At the stroke of 1:00 a.m., a booming voice comes over the loudspeaker and the drag show begins. The atmosphere is lively but the bar looks half empty.
“Before, we’d get anywhere from 150 to 450 people coming for a show,” Denys Kratt, the bar’s former art director and leading drag artist, later tells me in the Ukrainian city of Kharkov. Kratt’s alter ego Zhanna Simeiz had been a big name within Crimea’s drag scene since the mid-2000s.
The 44-year-old spent the busiest months of the tourist season living and working on the peninsula. Sporting an undercut and top knot, Kratt fondly talks about days spent at the beach followed by champagne-fuelled nights in Simeiz.
“It was where we spent our youth, some of the merriest and some of the best years,” he said.
When Russia annexed the peninsula, Kratt lost more than just his job. “The people there were all one big family, everyone knew each other, caroused, had a good time,” he said.

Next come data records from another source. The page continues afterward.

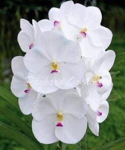This hybrid vanda has white large flowers. This is a frequent bloomer and easy to care vanda orchid plant.
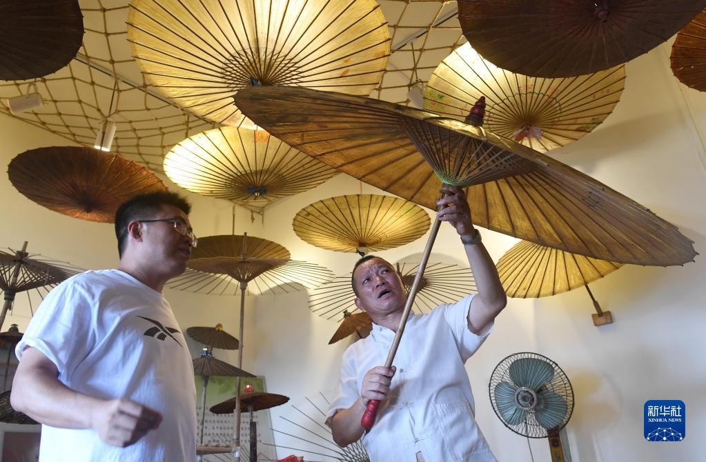 6月1日,在廣西賓陽縣賓州鎮陸村,陸云崗(右)在介紹油紙傘制作技藝。
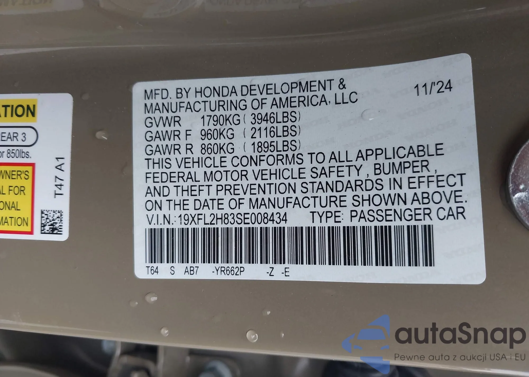 LOT: 43790006 VIN: 19XFL2H83SE008434

Like many Ukrainians, Kratt hasn’t returned to the peninsula since the annexation.
And although he fears Crimea won’t be de-occupied in his lifetime, he does hope to one day come back to the place that was once his second home. I ask him what that would look like.
“The trains from Kharkov to Simferopol will start up again... I’ll drive up to my friend’s dacha, we’ll open up the rusted gate there, run to the shops, buy a bottle of Sevastopol champagne—Zolotaya Balka—in hryvnias [Ukrainian currency]. We’ll go up to [the bar], celebrate and cry,” he smiles.
“And of course, I’ll pack the dress in the suitcase.”